— Ты знаешь, Клавка, твой моряк плавает по каютам турбоэлектрохода «Маныч» — это где бичи наши отираются.
Клава захохотала, вольно открыв большой рот, не отрывая глаз от Сани, будто меня не было. Саня с ней шутил — она ему смеялась.
— Последний раз, если не ошибаюсь, этот парень мерил носом глубину в моей каюте. За окурками нырял, вроде того… А может, наш мальчик за заграничными шмутками плавал?
У Клавы от смеха начало что-то взрываться в груди. Проходящие парочки смотрели на нее с испугом.
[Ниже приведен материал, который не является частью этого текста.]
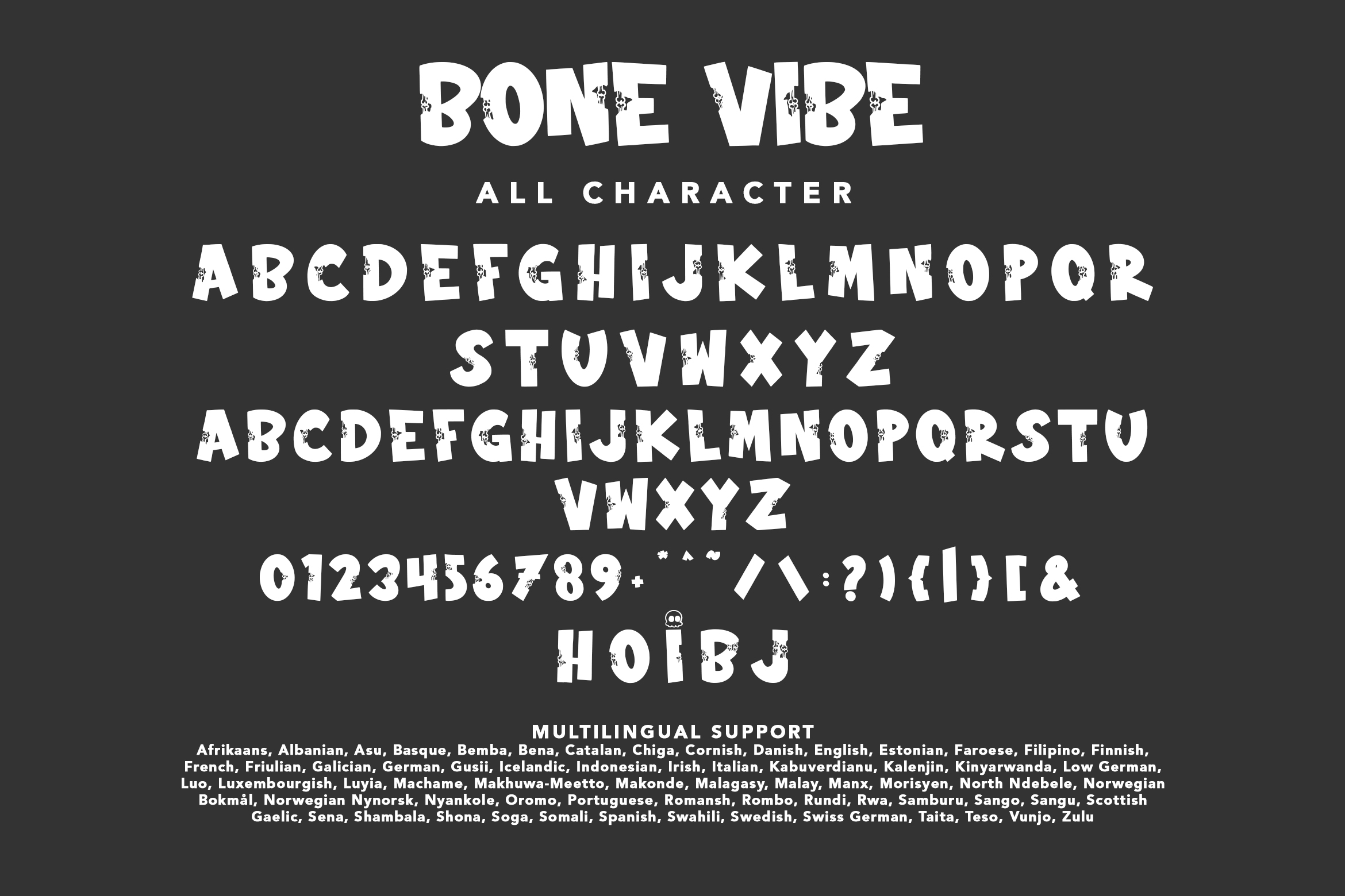 Bone Vibe carries a unique and edgy aesthetic, with letter characters inspired by the shape of bones or skeletal structures. This font can depict a dark, mysterious, and stylish impression, suitable for use in designs that want to highlight horror, gothic, or underground themes.

— Что тебе нужно? — сказал я Сане. — Скажи, что тебе нужно?
— Мне что-то нужно? — удивился Саня. — Клавка, что мне от него нужно?
Клавка, уткнувшись лицом в сумочку, тряслась.
Саня вдруг сделал скучающее лицо, положил Клаве на плечо руку и сказал:
— А вообще-то, мне от тебя кое-что нужно.
— Ну?
— Мальчик, тебя действительно еще учить да учить… Разве серьезные дела при народе проворачивают? Удалиться необходимо.
Я оглянулся. Колька с Олей сидели в стороне на скамеечке и, не поднимая головы, о чем-то шушукались.
— Кореша своего не буди. Без него управимся.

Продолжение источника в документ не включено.